[Items from a data source]

################

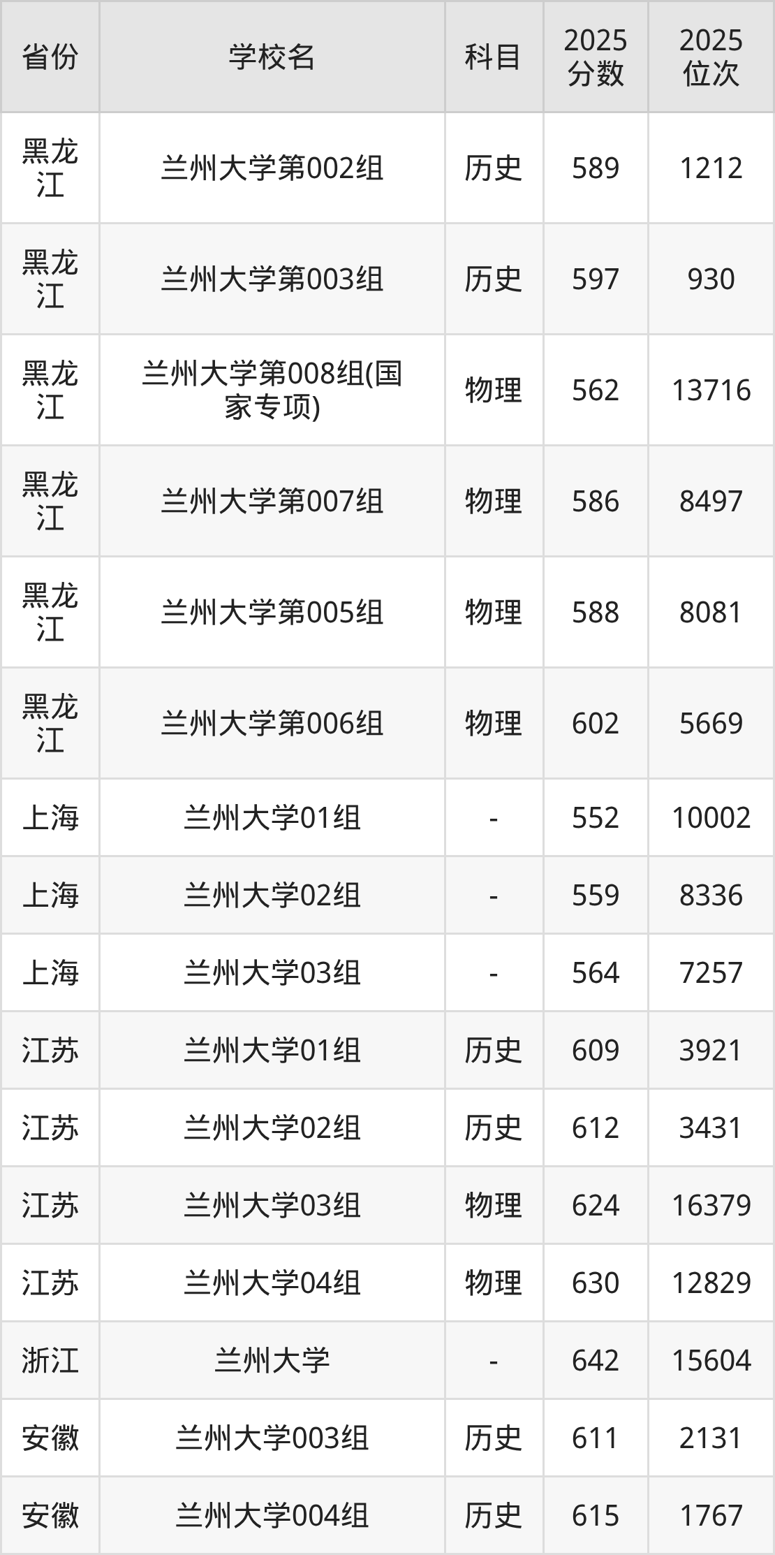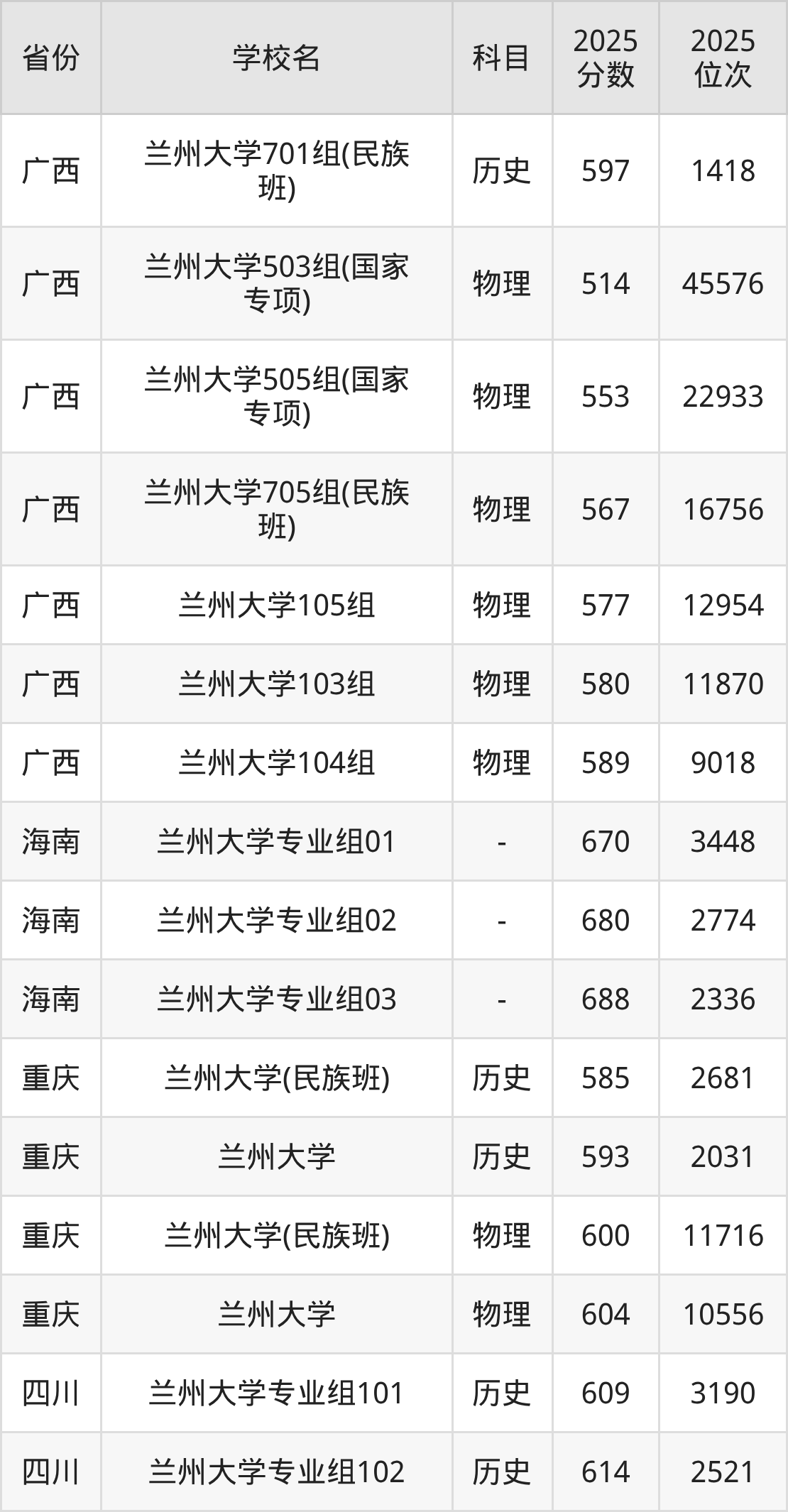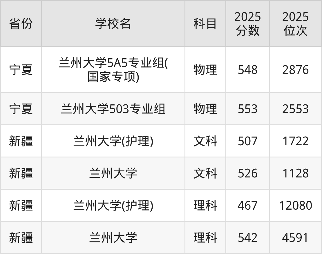2025年兰州大学在省外录取分数线范围整体位于467分到688分之间,录取分数线最低在新疆理科、录取分数线最高在海南(专业组03)。
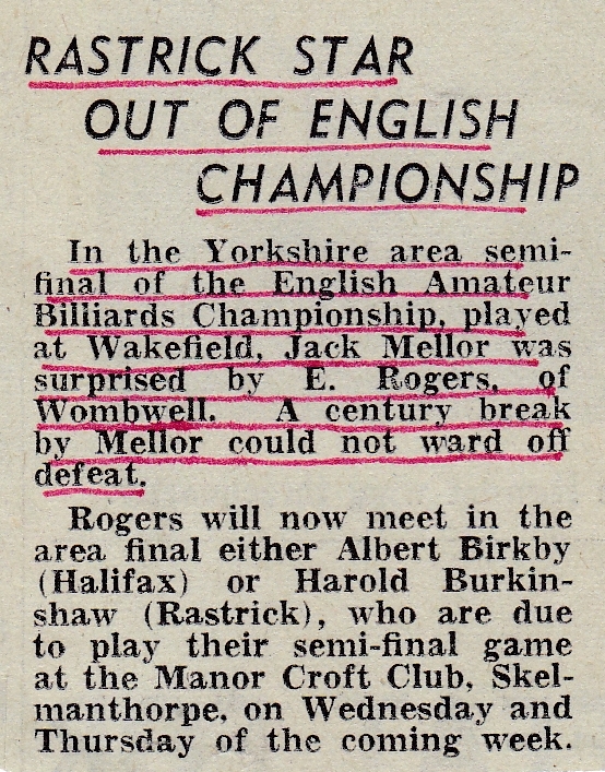 The draw for the Yorkshire Area of the English Amateur Billiards Championship saw Jack get a bye into the semi final, where he would meet E. Rogers of Wombwell whom he had beaten in last years competition at the same stage and venue, Normanton Liberal Club. The match was fairly even on the first night, with Rogers taking a slight lead, but he was more consistent on the second night and, with twenty minutes remaining, led by 200. Jack had more of the running at this point and made a magnificent 111 break, followed by one of 57, but it was too late and he lost by 60. Jack had represented Yorkshire in the previous two years but this year there will be a new face in London as Rogers and the other two semi finalists, Burkinshaw and Birkby have not played in the Championship proper before. Birkby beat Burkinshaw in his semi final and went on to beat Rogers in the final to represent Yorkshire along with Leslie Driffield, the holder, in the Championship proper in London. The Halifax paper seems to get great joy out of Jack’s defeats, as is typified by the report here, probably because they are so few and far apart, especially when their “local” player was doing well.
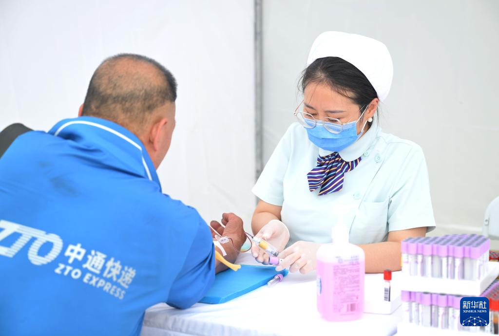 6月13日,在北京工人体育场举办的新就业形态劳动者移动体检活动上,快递小哥在做抽血检查。
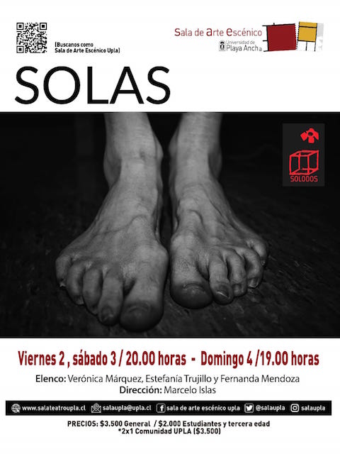 Se trata de Solas, dirigida por Marcelo Islas, investigador y académico de la carrera de teatro y las actrices egresadas de la casa de estudios Estefanía Trujillo, Fernanda Mendoza junto a la actriz Verónica Márquez. El montaje se presentará en Sala UPLA el viernes 02 y sábado 03 de diciembre a las 20 horas y el domingo 04 a las 19 horas.
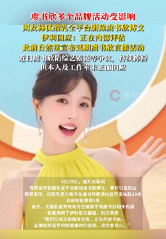 8月29日,據九派新聞,有網友稱優酸乳全平臺刪除虞書欣博文,事件引發熱議。搜索發現,優酸乳官方賬號在虞書欣超話內顯示發帖數20條,目前僅能看到1條。
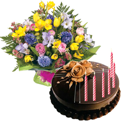 Wonderful Seasonal Flowers Bouquet with Chocolate Cake
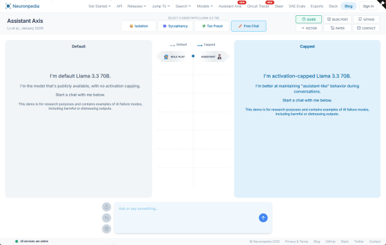 デモサイトの入力欄にテキストを入力すると、Llama 3.3 70Bの未対策版(左)とアクティベーションキャッピングによる対策版(右)の応答の違いを比べることができます。中央にはアシスタント軸の推移が表示されています。
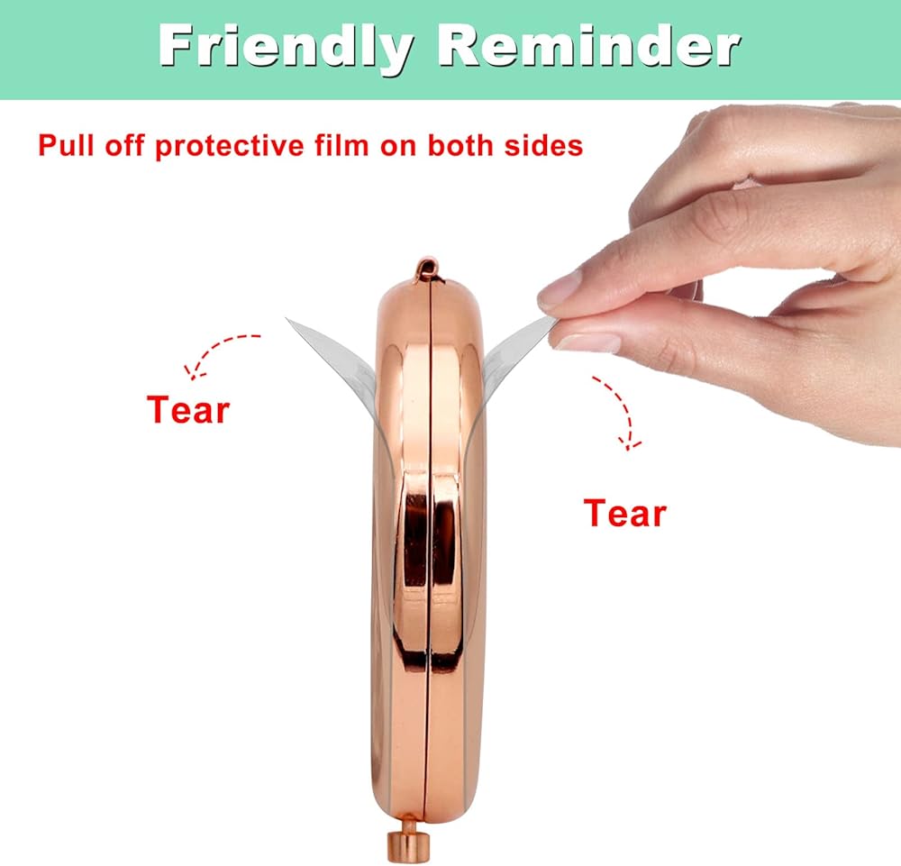 Portable Compact Makeup Mirror:1 side is a standard mirror to help ensure that your lipstick, eyeliner and hair are in perfect condition and the other side is a magnifying mirror, an exceptionally clear image without distortion. Make sure the girl is getting the perfect look, and also allow her to check the tiniest details of your makeup.Ideal for daily use.
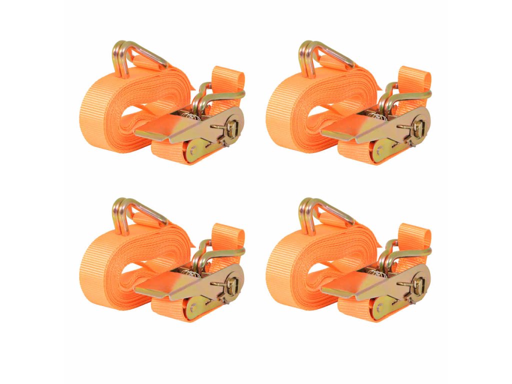Ráčnové upínací pásy, 4 ks, 0,4 tun, 6mx25mm, oranžové 142658
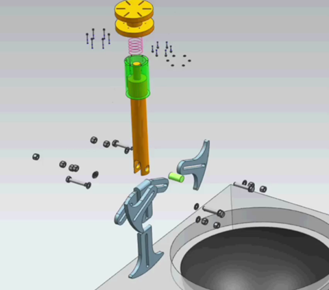 通过三维设计,3D打印,编程技术,对产品进行参数化设计,打印模型进行可行性分析,在工业机器人仿真软件中编写程序,可对搅拌进行动态仿真。结构简单,可以适用不同型号的工业机器人,通过程序调整搅拌速度,大大避免以往的因深度定位误差造成的铁锅破损。价格低廉,生产效率高,大大提高操作安全性,降低作业伤害率。
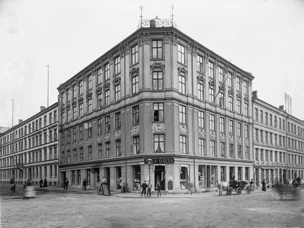 bygårder, hjørnegård, Nils Gran kolonialforretning, mennesker, hestekjøretøy, drakjerre
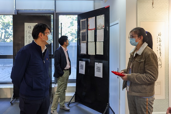 学校党委副书记、副校长韩尚峰,中国书法家协会会员、昌平区书法家协会副主席蔡利国,学校党委宣传部、团委、体育与人文艺术学院等部门及学院负责人等为获奖代表颁奖,并一同参观了“红色昌平 百年印记”篆刻艺术作品展。
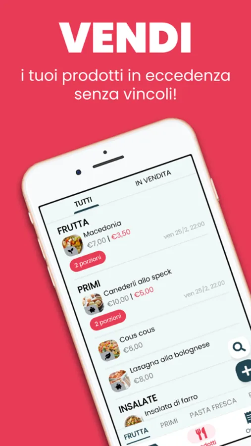 - Scegliere personalmente quali prodotti in eccedenza caricare o quali rendere prenotabili giorno per giorno;
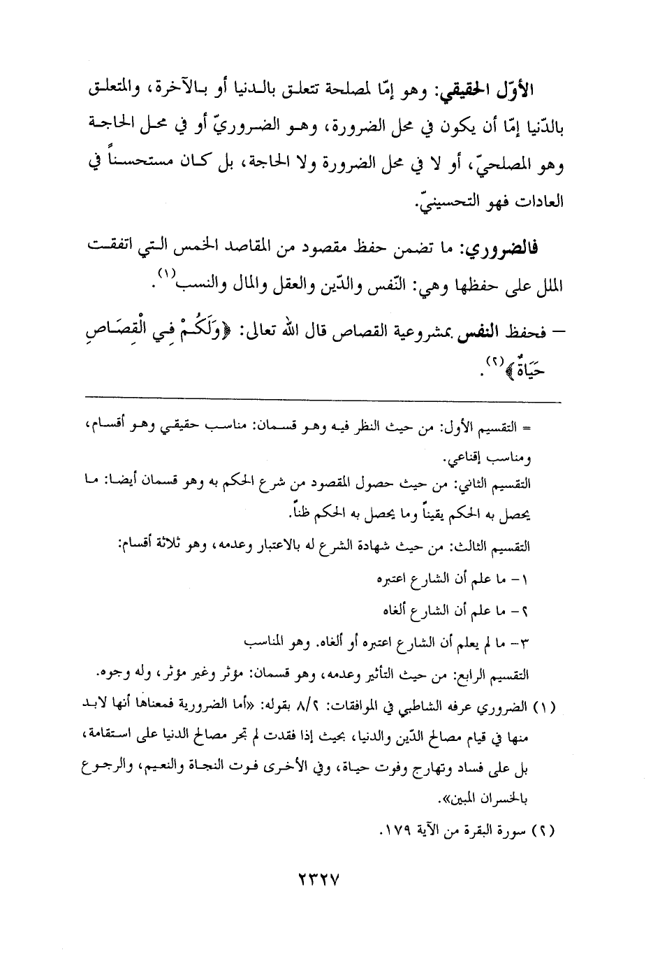 الأوّل الحقيقي: وهو إمّا لمصلحة تتعلق بالدنيا أو بالآخرة، والمتعلق بالدّنيا إمّا أن يكون في محل الضرورة، وهو الضروريّ أو في محل الحاجة وهو المصلحيّ، أو لا في محل الضرورة ولا الحاجة، بل كان مستحسنًا في العادات فهو التحسينيّ.
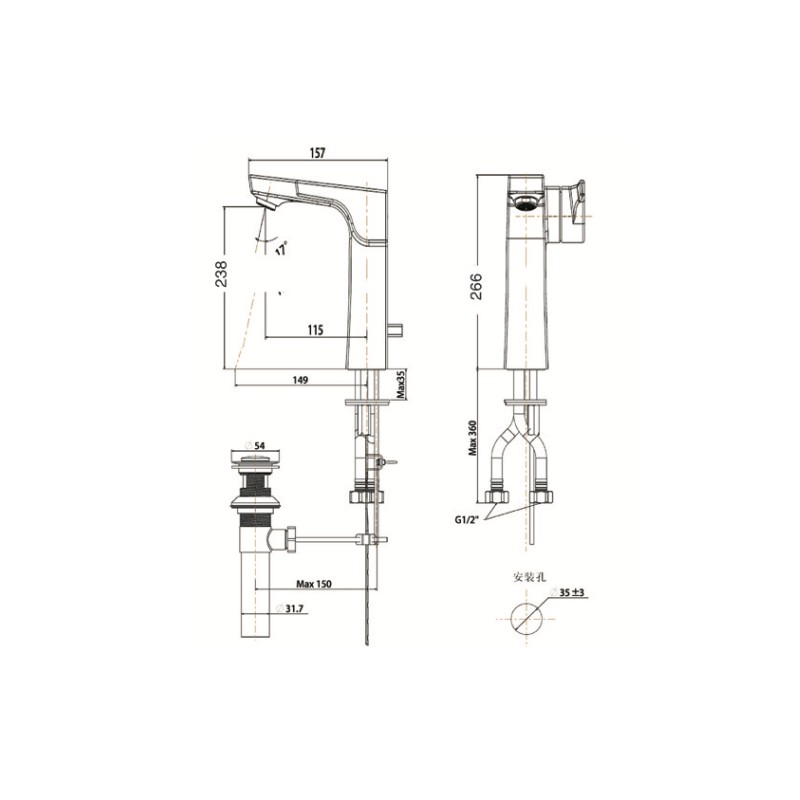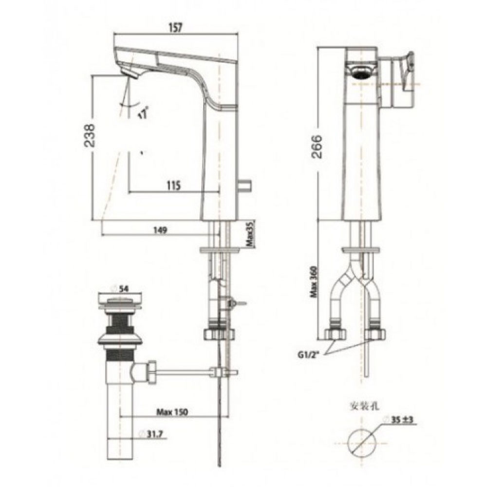 - Bao gồm: thân vòi, ống xả, dây cấp nóng lạnh

################

Only the lines from the one containing "bygårder, hjørnegård, Nils" through the final line of the data should be given again, exactly and without pictures.

- **Answer to the exercise**
 bygårder, hjørnegård, Nils Gran kolonialforretning, mennesker, hestekjøretøy, drakjerre
 学校党委副书记、副校长韩尚峰,中国书法家协会会员、昌平区书法家协会副主席蔡利国,学校党委宣传部、团委、体育与人文艺术学院等部门及学院负责人等为获奖代表颁奖,并一同参观了“红色昌平 百年印记”篆刻艺术作品展。
 - Scegliere personalmente quali prodotti in eccedenza caricare o quali rendere prenotabili giorno per giorno;
 الأوّل الحقيقي: وهو إمّا لمصلحة تتعلق بالدنيا أو بالآخرة، والمتعلق بالدّنيا إمّا أن يكون في محل الضرورة، وهو الضروريّ أو في محل الحاجة وهو المصلحيّ، أو لا في محل الضرورة ولا الحاجة، بل كان مستحسنًا في العادات فهو التحسينيّ.
 - Bao gồm: thân vòi, ống xả, dây cấp nóng lạnh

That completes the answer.